Hint: First we will convert the equation of circle in its standard format in which the coefficient of ${x^2}$ and ${y^2}$ would be one, and then we will find the center of the circle by comparing the equation of the circle with the standard equation. Then we will find the slope of the required line by using the formula ${m_1}{m_2} = - 1$, where ${m_1}$ is the slope of the required line and ${m_2}$is the slope of the line $2x + 3y = 12$.
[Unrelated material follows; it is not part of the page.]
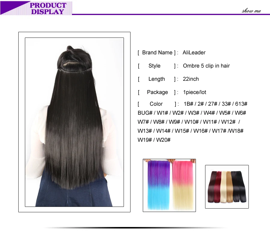 Накладные синтетические волосы Alileader, 22 дюйма, 5 зажимов, одно...

Complete step-by-step answer:
First, we will draw the figure according to the given question,

First, we will write the equation of circle in its standard form.
In standard form, the coefficient of ${x^2}$ and ${y^2}$ would be one.
So, the given equation is \[3\left( {{x^2} + {y^2}} \right) - 2x + 6y - 9 = 0\]
Now, we will divide the whole equation by $3$.
\[ \Rightarrow {x^2} + {y^2} - \dfrac{2}{3}x + \dfrac{6}{3}y - \dfrac{9}{3} = 0\]
Now, we will compare the above equation with the standard equation of circle \[{x^2} + {y^2} + 2gx + 2fy + c = 0\]in which the center of the circle is $( - g, - f)$.
So, we will divide the coefficient of x and y with $ - 2$to find the center.
Therefore, the center of the circle is $\left( {\dfrac{{ - 2}}{3} \times \dfrac{1}{{ - 2}},\,\,\dfrac{6}{3} \times \dfrac{1}{{ - 2}}} \right)$
$ \Rightarrow \left( {\dfrac{1}{3}, - 1} \right)$
We all know that the diameter passes through the center. So, the required line passes thought the above point.
Now, we will find the slope of the diameter.
It is given that the diameter is perpendicular to the line $2x + 3y = 12$.
Now, we will use the relation ${m_1}{m_2} = - 1$to find the slope of the required line, here ${m_1}$ is the slope of the required line and ${m_2}$is the slope of the line $2x + 3y = 12$.
${m_2} = \dfrac{{ - coefficient\,of\,x}}{{coefficient\,of\,y}} = \dfrac{{ - 2}}{3}$
Now, on substituting the above relation, we get
${m_1}\left( {\dfrac{{ - 2}}{3}} \right) = - 1$
${m_1} = \dfrac{3}{2}$
Now, we will use the formula of equation of line to find it and its formula is $y - {y_1} = {m_1}\left( {x - {x_1}} \right)$, where ${x_1}\,and\,{y_1}$are the points through which the line is passing. In this case it is the center of the circle.
Therefore, ${x_1} = \dfrac{1}{3},\,{y_1} = - 1$
$y - \left( { - 1} \right) = \dfrac{3}{2}\left( {x - \dfrac{1}{3}} \right)$
$ \Rightarrow y + 1 = \dfrac{3}{6}\left( {3x - 1} \right)$
$ \Rightarrow y + 1 = \dfrac{1}{2}\left( {3x - 1} \right)$
$ \Rightarrow 2y + 2 = 3x - 1$
$ \Rightarrow 3x - 2y = 3$
Therefore, the equation of diameter is $3x - 2y = 3$.

So, the correct answer is “Option A”.

Note: In the above question, we can also find the slope of the line $2x + 3y = 12$ by first converting it in the intercept form in which the coefficient of y should be one and the coefficient of x denotes the slope of that line and the constant term denotes the y intercept of that line.